全てにおいて「良い」案件などない。特にスタートアップなんて俗にいう「スタートアップ・シブがき隊問題」(今思いついたw)つまり、「ないないない」問題をどこも抱えている。金がない、人がいない、時間がない、だ。そしてプロダクトもなくアイデアだけのところもあれば、プロダクトはあっても客が無いところもいっぱいある。

「良いスタートアップない?」ってのは、無邪気な質問だけど、つまり「うまい儲け話ない?」とか、「楽な仕事ない?」って聞いている意図が透けて見えている場合が多い。そして、そんなもんはない。本当に他意はない。

スタートアップというのは可能性があるがリスクも問題もいっぱい抱える案件だ。じゃなきゃスタートアップじゃない。だから、万人にとって「良い」案件とはなり得ない。リスク投資とはそういうものだろう。

ましてやうまくいくスタートアップはみんなが探しているのだ。うまく行きそうになったら有象無象の投資家が群がるのだ。だから、我々レベルが”探して”そう簡単に見つかるわけもないじゃないか。
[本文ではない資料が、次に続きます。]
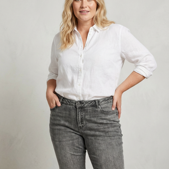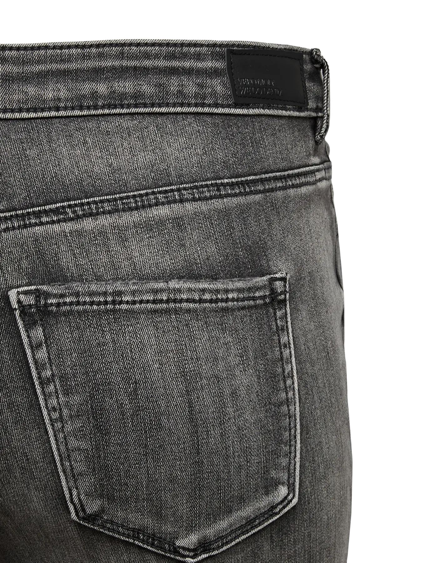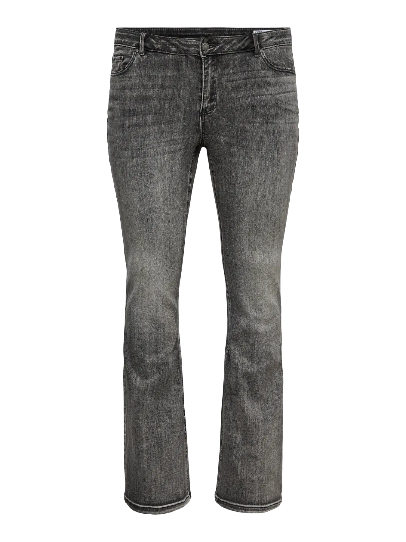 Med disse jeans fra Vero Moda Curve får du et par bukser, der kombinerer et råt look med en feminin silhuet. Den grå denimkvalitet har en tydelig stone-washed effekt på lår og knæ, hvilket giver dybde og struktur til farven. Bukserne har en klassisk linning med bæltestropper samt lukning med knap og lynlås foran.
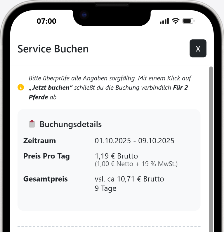 Transparente Kommunikation von Preisen und gebuchten Services schaffen Vertrauen – deine Kunden fühlen sich bestens betreut.
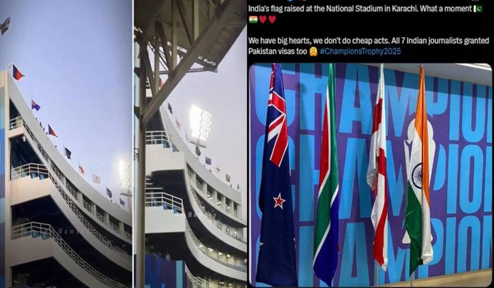 سوشل میڈیا پلیٹ فارم پر ایک پاکستانی صحافی نے نیشنل ا سٹیڈیم کے اندر بھارتی ٹیم کے جھنڈے کی تصویر شیئر کرتے ہوئے کیپشن میں لکھا کہ کراچی کے نیشنل اسٹیڈیم میں بھارت کا جھنڈا لہرا دیا گیا ہے، ہمارے دل بڑے ہیں، آپ کی طرح گھٹیا نہیں۔
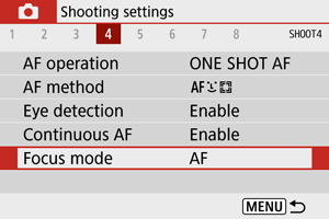 : Focus mode] se ne prikazuje kada je fokusna pozicija u efektivnom dometu isključivo za manuelno fokusiranje (MF). Okrenite fokusni prsten ka beskonačnom (udesno, gledano sa prednje strane fotoaparata) da biste pomerili fokusnu poziciju dok se ne pojavi [
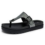 Chinelo Feminino Flatform Preto Brilhos Tanara T8134-0001 O Chinelo Tanara Flatform Preto com Brilhos é a escolha perfeita para quem deseja combinar conforto, estilo e sofisticação. Com sola flatform tratorada de 3,50 cm, este slide oferece uma elevação sutil, adicionando um toque moderno ao visual. O destaque deste modelo são as fivelas metalizadas na parte superior, que conferem um toque de elegância e diferencial ao calçado. Além disso, a aplicação de brilhos adiciona um toque de sofisticação e glamour, tornando este chinelo uma opção versátil para o dia a dia e momentos de lazer. Seja para passeios descontraídos ou encontros com amigos, este slide é uma escolha certa para quem valoriza conforto e moda.
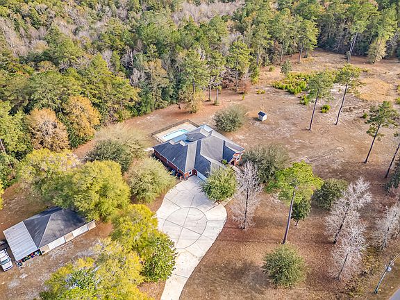 Simply no detail left undone! This custom built home offers exceptional craftsmanship and thoughtful design. Step inside to a grand entryway leading to a formal dining room and a dedicated office. The kitchen features custom maple cabinetry, granite countertops, a breakfast bar, and a walk-in pantry, overlooking the family room, Florida room, and sparkling saltwater pool. The split floor plan places three bedrooms on one side. With a MIL suite and a luxurious owner's suite on the other side of the home. Upstairs, a versatile fifth bedroom offers endless possibilities. Enjoy the large driveway, 2 car attached garage and free standing 2 car garage with attached car port. Bring your horses or start your own mini farm, there is plenty of space for barns, riding trails and more. Enjoy the peace and privacy of no neighbors, nestled on 16+ private acres, this home provides the perfect blend of country living and convenience, just 5 minutes from DeFuniak Springs. The best of both worlds. space, style, and serenity.

もし優秀なベンチャーに投資をしたいのであれば、「探す」というスタンスでは絶対的に無理だ。「引き寄せて、育てる」しかないのだ。引き寄せるためには自らも発信をしなければいけない。彼らの方から集まってくるように自分が魅力的にならなければいけない。

そして、駆け込んでくるなんにもない状態のスタートアップを、自らの時間と知恵と知識と資金を使って育てているのだ。それでやっとのこと立ち上がる。自ら思い入れを持ち、自分の物として心血を注ぐ必要がある。毎回真剣勝負だ。

挑戦する人を助けることは好んでやっている。私にとっては全てが思い入れあり可愛い虎の子の案件だ。だから、「良い」「悪い」という価値基準で判断されるのに抵抗がある。
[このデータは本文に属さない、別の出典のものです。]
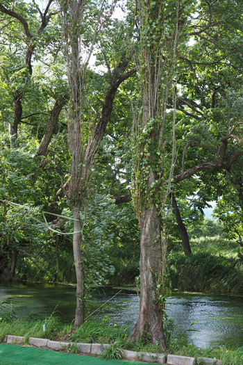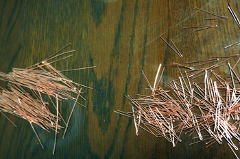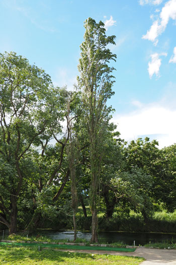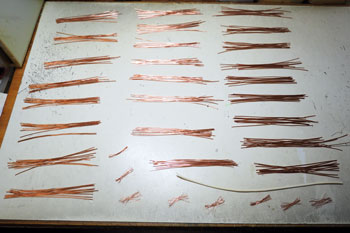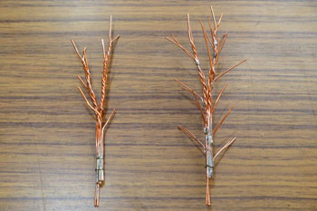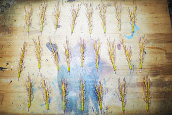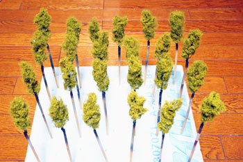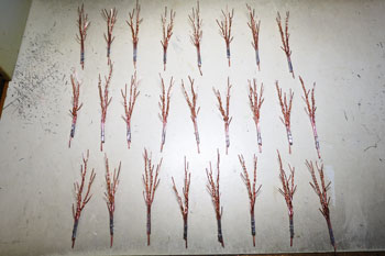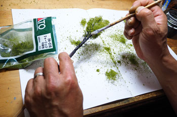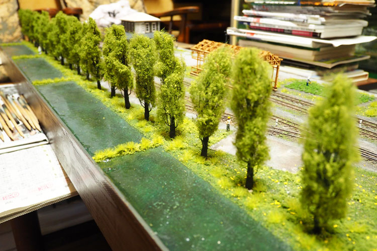 ![]() ボクが頸城の情景というと、まず思い浮かぶのが「爽やかなポプラ並木」です。 そのポプラの下にホジ3なんか置いたらイイだろ〜な〜、というのがこのレイアウトのひとつの目玉でしたので、気合いを入れて作ってみました(^^♪。 ただ、ざっと試算したところ25本ものポプラを作らないと、イメージ通りになりそうもないので、その点は憂鬱でしたが・・・(>_<)。 まずは、ネットでポプラの写真を集めてみましたが、やはり実際に見てみたくなり、「長野県・ポプラ」で検索したら、意外や意外、ウチからクルマで15分ぐらいの所にポプラ並木があることが判明(^O^)。 矢も盾もたまらずカメラを肩から下げてすっ飛んで行きました!(^^)! その場所とは観光地として有名な大王わさび農場というところで、そこに「ポプラ小径」というのがあるそうです。 そう云われてみればあったような気がしますが、今まではその気が無かったので、目にも止まらなかったのでしょうネ(^^ゞ。 ![]() ![]() しかし、その「ポプラ小径」に行ってみたら、御神木のようにぶっとい木ばかりで、ボクのイメージには合いませんでした(^-^;;。 気落ちして歩いていたら、意外にも並木ではありませんが単体でポプラの木を発見!しかも、これこそボクのイメージ通りのスタイルをしています\(^O^)/。 枝振りはひたすら「上へ上へ」延びていて、同じ広葉樹ながら桜の木とは全く違うもの。 このイメージを頭に叩き込んで、帰宅後さっそく作り出しました。 ![]() 幹の素材は桜と同じ銅線ですが、長さは10cmにカットして、スラッとしたスタイルを強調するために10本を束ねてみました。 その根元は2本だけ長く伸ばしておき、作業をする際の握り手としておきます。また、この部分は地面に植えるときの杭の役も果たします。 ![]() 桜と同様に根元の部分を銅線で縛って半田を流した所です。まあ、ここまでは勢いで出来るのですが、この後の枝ぶりを作っていく段階になって、いささか25本というのは根気の要る作業でした~(>_<。)~ ![]() 上の写真を見ると判りますが、幹の太さに対して異様に細い枝が出ているのがポプラの特徴のようですから、これを作らないといけません。 そのために0.55mmという細い銅線を買ってきて、5cmの長さにカット、更にV字状に折って枝としました。 これがポプラ1本につき12本。つまり小枝を300本(>_<)。 ![]() その小枝を幹に半田付けしていこうというのですから、もう我ながらアッパレというか、気が遠くなるというか、単純作業が苦手の男がよくもまあやったものです(^O^)。 もうチョット愚痴らせて下さい(^^ゞ。例の光硬化パテをチマチマと盛りつける作業も12本分。考えてみたら、このポプラの製作だけで昼夜兼行で丸々1週間も掛かってしまいました・・・。 ![]() これがパテで盛り付けた幹と、焦げ茶色に塗装した状態です。この後、ライトグレーでお化粧をしておきます。これらは根っこ部分の握り手を割り箸にテープで巻き付けての作業としました。 ![]() 葉っぱは定番中の定番「ウッドランドシーニック製フォーリッジ」を木工ボンドで固着していきます。ただ、今回は出来るだけスカスカにして、爽やかな風が吹き抜けるような感じにしてみました(^^♪。 ようやくの事で25本出来上がった晩の記念写真(^v^)。 ![]() 出来上がってみると植えてみたくなるのが人情で、地面に穴を明けて植えてみました。 隣りとの間隔を策定しながら植えてみたら、20本でちょうど良い感じになりましたが、これらは地面に固着してしまうと撮影の邪魔になる事が予想されるので、差し込んでおくだけにしておきました。 でも、この感じが欲しかったイメージなんですよね〜。バンザ〜イ\(^O^)/。 |
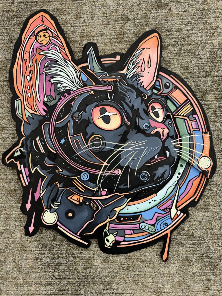 You can view the full exhibit, Graphic & Illustration from January 3 to February 1, 2025 in the Judge Stone House gallery. The Noblesville Creates on 8th campus is open Wednesday through Friday, 12:00 to 5:00 p.m., and Saturdays 10:00 a.m. to 5:00 p.m.
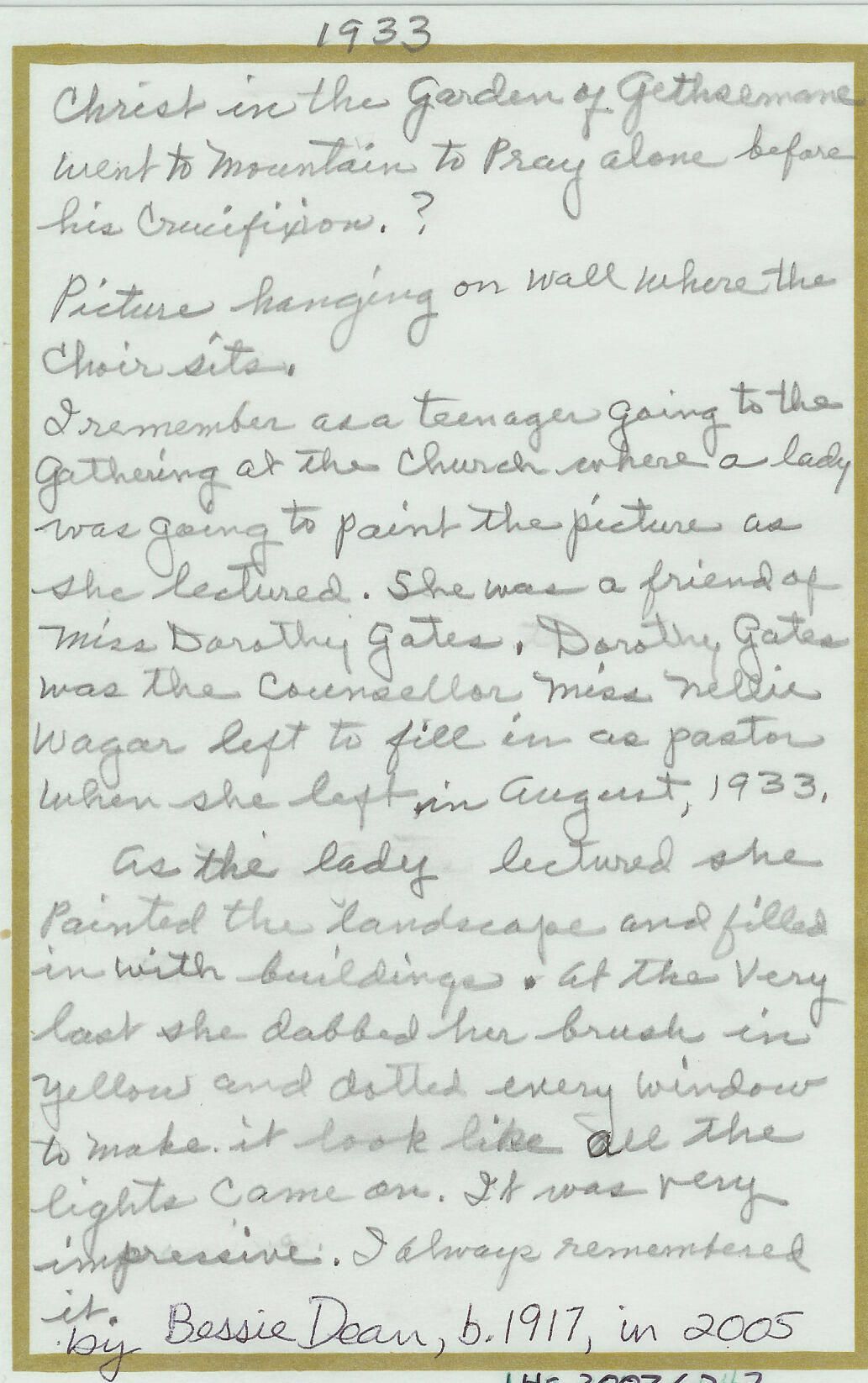 1 page handwritten story of a painting that still hangs in the sanctuary at United Christian Church written by Bessie Dean in 2005.

裏も表も知っているから「良いスタートアップ知らない?」と聞かれても即答できるわけがない。どのスタートアップも旨い汁をすすろうとする人に「儲かりまっせ」といえるほど気楽な世界を歩いてはいない。

そして、そんな気軽な気持ちで来た人に、自分が思い入れを持っているスタートアップを紹介して、「あ~、あれだめだね~」と何の気なく言われたときの気持ちも察してほしい。まぁ、その気持ちもポジティブに変えるから率直に言ってもらった方が良いのだけど。

言いたいのは、「先ず隗より始めよ」ということ。最初から良い話、うまい話なんかない。それにたどり着くためには、周りから人脈をちゃんと作っていって、自分の周りの信頼を醸成することに投資をしていく気概が重要だ。
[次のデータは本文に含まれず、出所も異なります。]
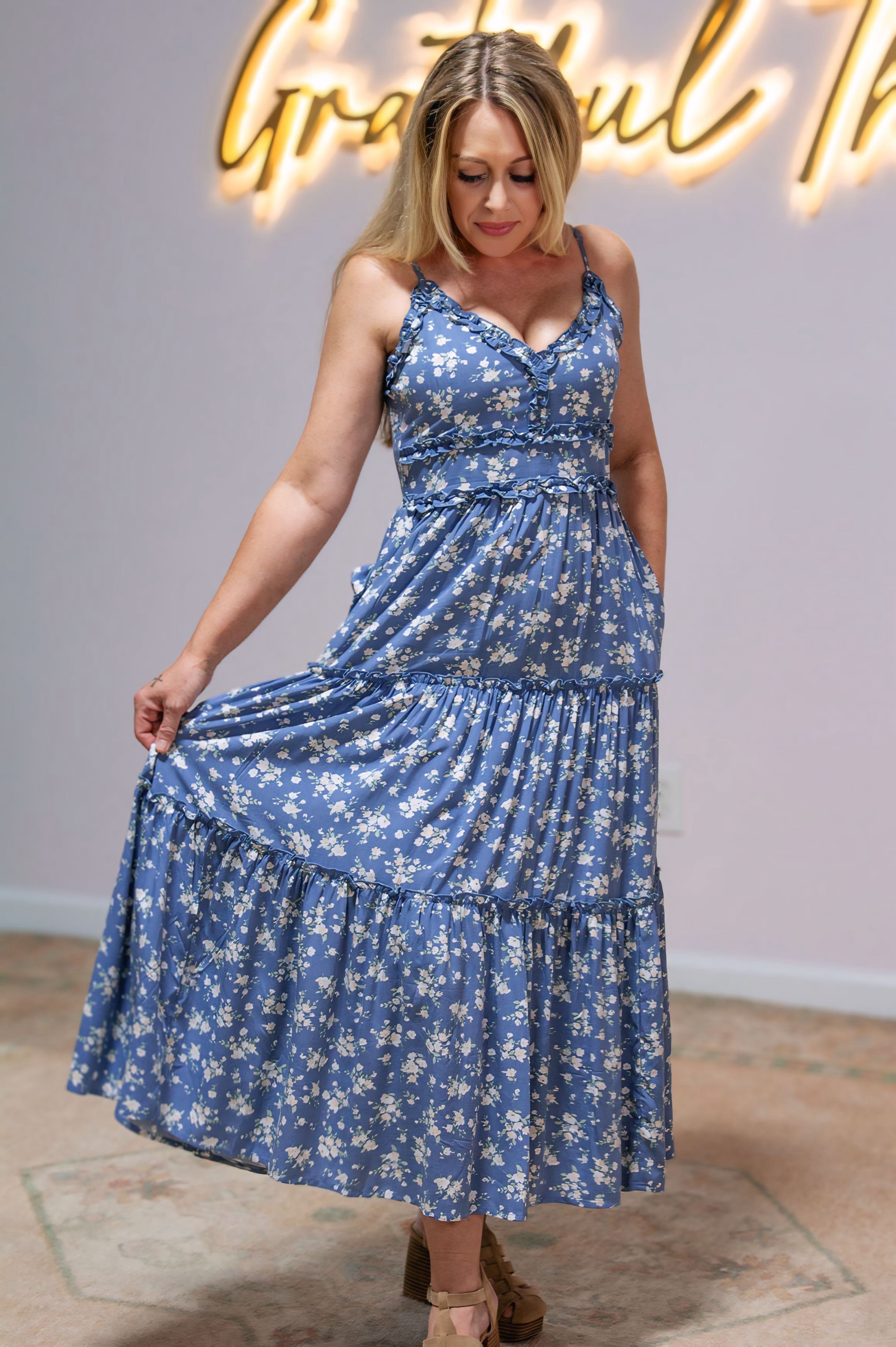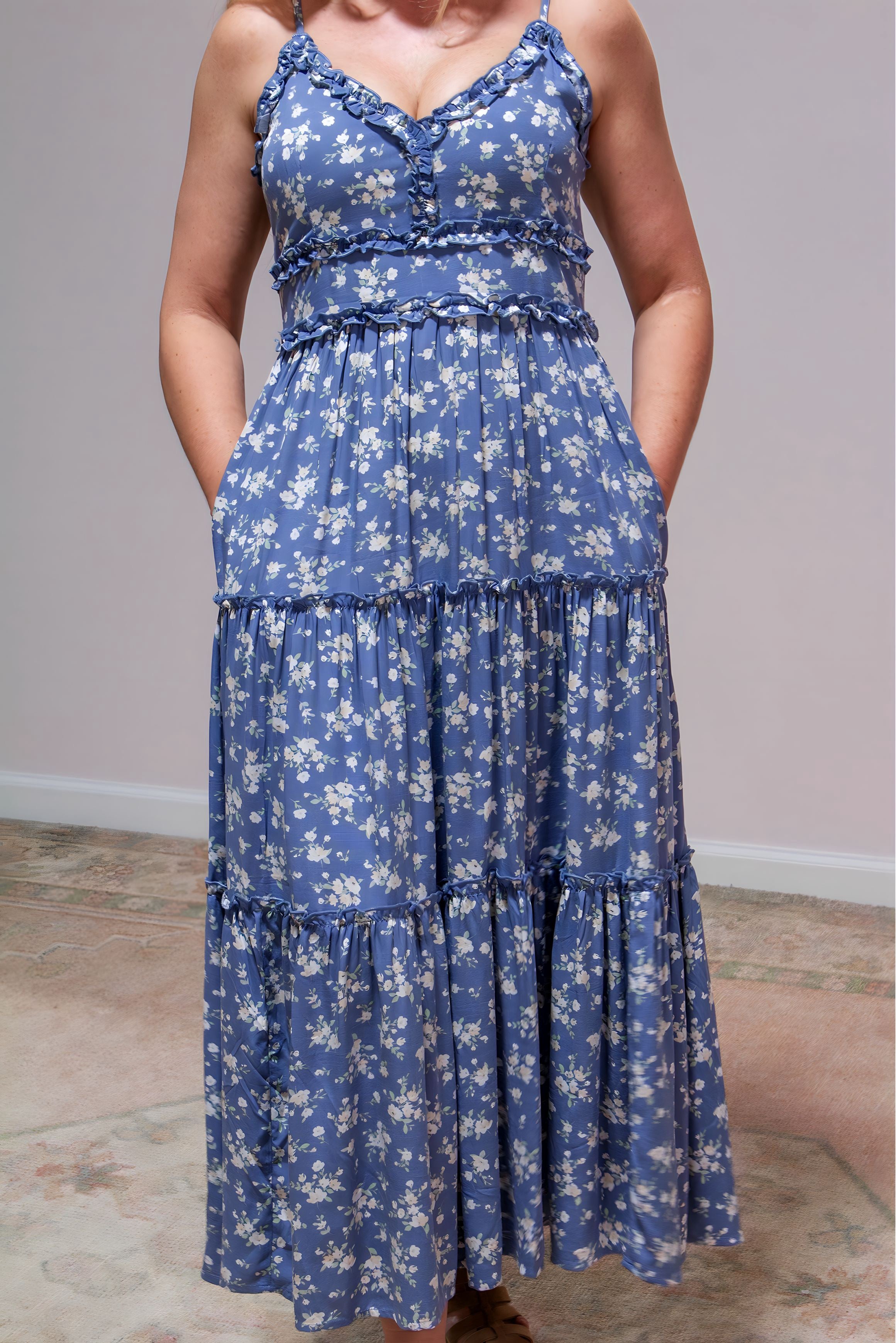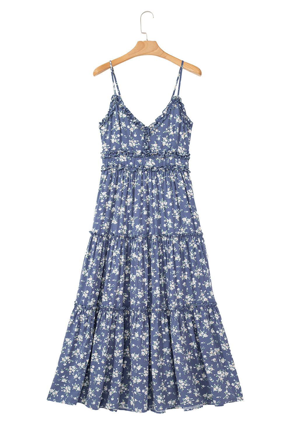 Blue Floral Spaghetti Strap Frilled V Neck Tiered Midi Dress

最初からリターンを得ることを想定するのではなく、次へつながるきっかけとなる投資も必要だ。まず、投資家としての実績作りも必要なのだ。

そして、その隗を、身近な投資先を、心血注いでちゃんと育てるのだ。リターンは直接は返ってこないかもしれない。しかし、苦しい時を支えてくれた起業家はその恩を忘れない。必ずや何かを返そうとするだろうし、引き寄せるという力につながるのだろう。

スタートアップ投資は「出るパチンコ台」を探すのとは根本的に違う。一つ一つが金銭的リターンを生まなくても、案件が無形の価値に変わり、つながっていきさらに引き寄せる。それが投資というものだ。